Suddenly we’re back to the hacking scandal again: “That’s all Nick Davies, right? Does Nick Davies give a press conference himself about Nick Davies? No he doesn’t, he lets the story speak for itself.

“That’s what Julian needs to take on board. If you’re really serious about wanting to change society you have to pull back off the story, let the facts speak for themselves and stop trying to micromanage the way the public interprets it.”

It’s clear that she’s angry at him, for subverting a cause – the campaign to free up data to create enlightened citizens – into a campaign about him.

“He took this cause and took an amazing opportunity that he had this incredibly powerful set of leaks and used it for his own self-aggrandisation and to save his own skin. In the sense that, initially’ when the allegations came in Sweden he wanted to use WikiLeaks donations for his legal defence, for that personal case… I just think that’s unforgivable. If you really believe in a cause let the cause speak for itself. And if you by your personality are damaging that cause, if you really believe in it you step aside.”

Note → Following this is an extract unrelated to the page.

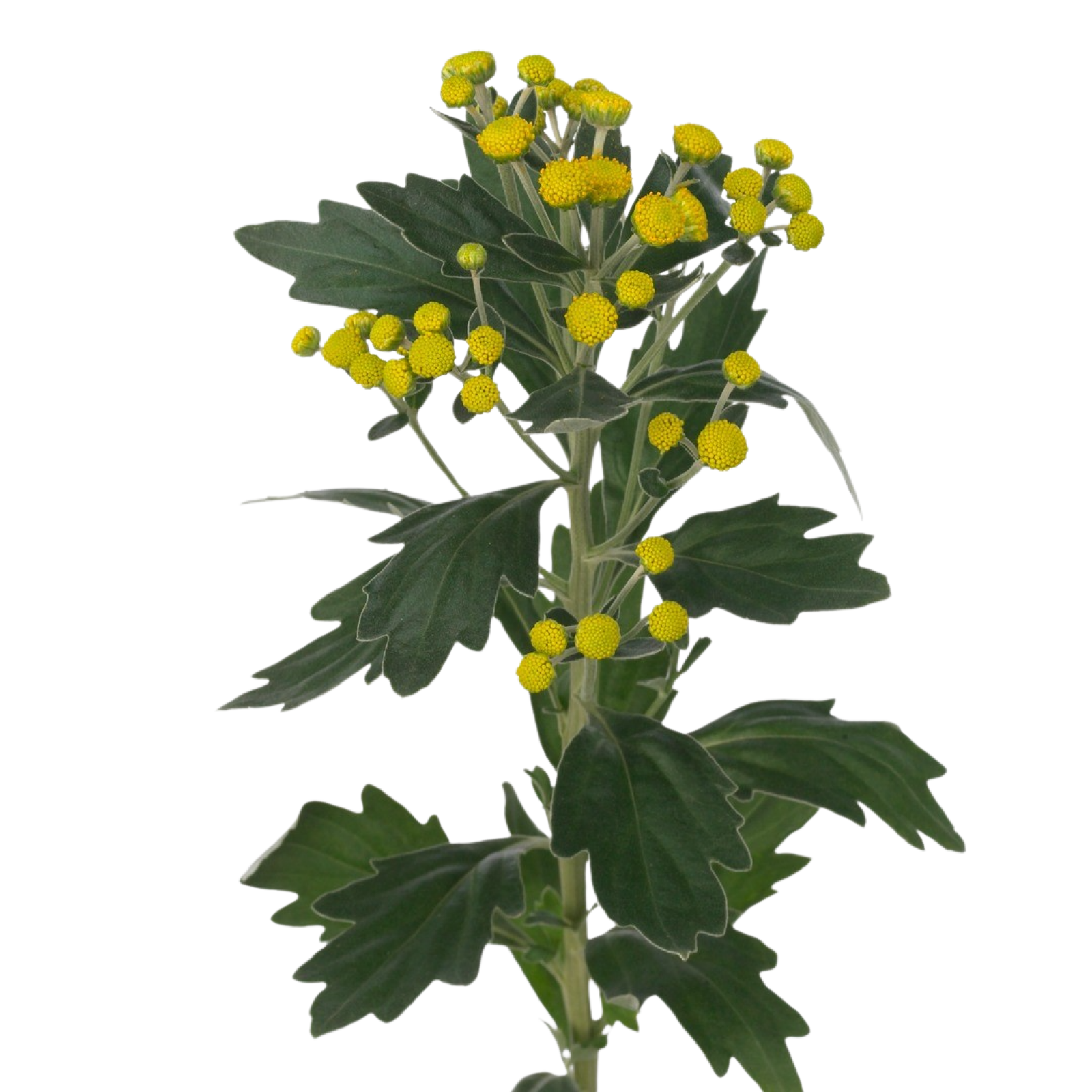 Die Ajania hat grau-grüne Blätter und gelbe Blüten.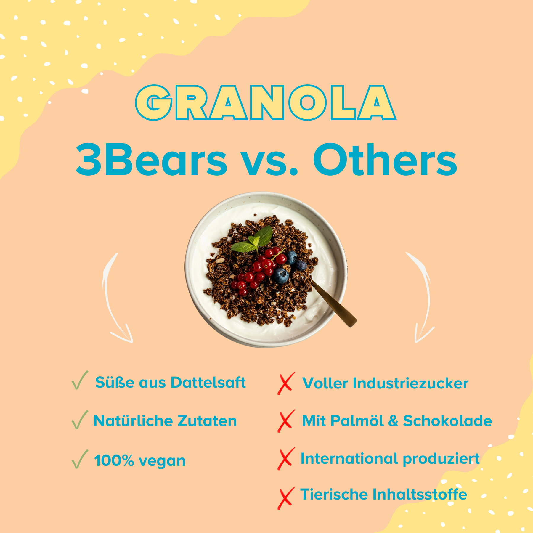 In der Vergangenheit habe ich schon öfters mit 3Bears im Rahmen von Kooperationen zusammengearbeitet. 3Bears teilt meine Leidenschaft für hochwertige Lebensmittel, die nicht nur mega lecker, sondern auch vollwertig sind. Deswegen war ich so begeistert von der Idee ein Granola zu entwickeln, das genau diese beiden Komponenten miteinander vereint – es ist komplett ohne Industriezucker hergestellt und schmeckt wie selbst gebacken!

Then there’s Bradley Manning, the soldier who stands accused of giving the data to WikiLeaks.

“He sort of remains the unsung hero of this whole story. This is another reason why I’m so angry about the way Julian Assange this whole movement, this campaign. And that information, if it did come from him, he’s advanced his career off the back off this poor kid who’s sitting in jail. If anybody is responsible for what’s happened, it’s him, who put that into the public domain. We should be thinking about that, rather than Julian.

“It’s difficult to talk about because he hasn’t had his first hearing ... The morality of whoever did it I think it raises a lot of moral questions about what we have a right to know in a democracy.

“Until Bradley Manning comes to trial nobody knows a) if he did it and b) what his ultimate reasons for doing so were.”

So what’s next for Brooke? After her role in two of the biggest scandals of the decade, WikiLeaks and expenses, she says it’s time to stand back.

“I think I’m going to write a novel. I’m just going to drop out. I feel pretty burnt, this was such an intense year. The fact that I started off writing a story which I was really interested in but initially I found it really difficult to sell this book. Nobody got what I was on about.

"They didn’t see it and they just thought ‘oh doesn’t sound like a story’… It was just so exhausting to be working on a story and then it just to kind of take off right before your eyes. And then I got embroiled in it, so then I became a character in my own story. I think I just want a break, just kick back.”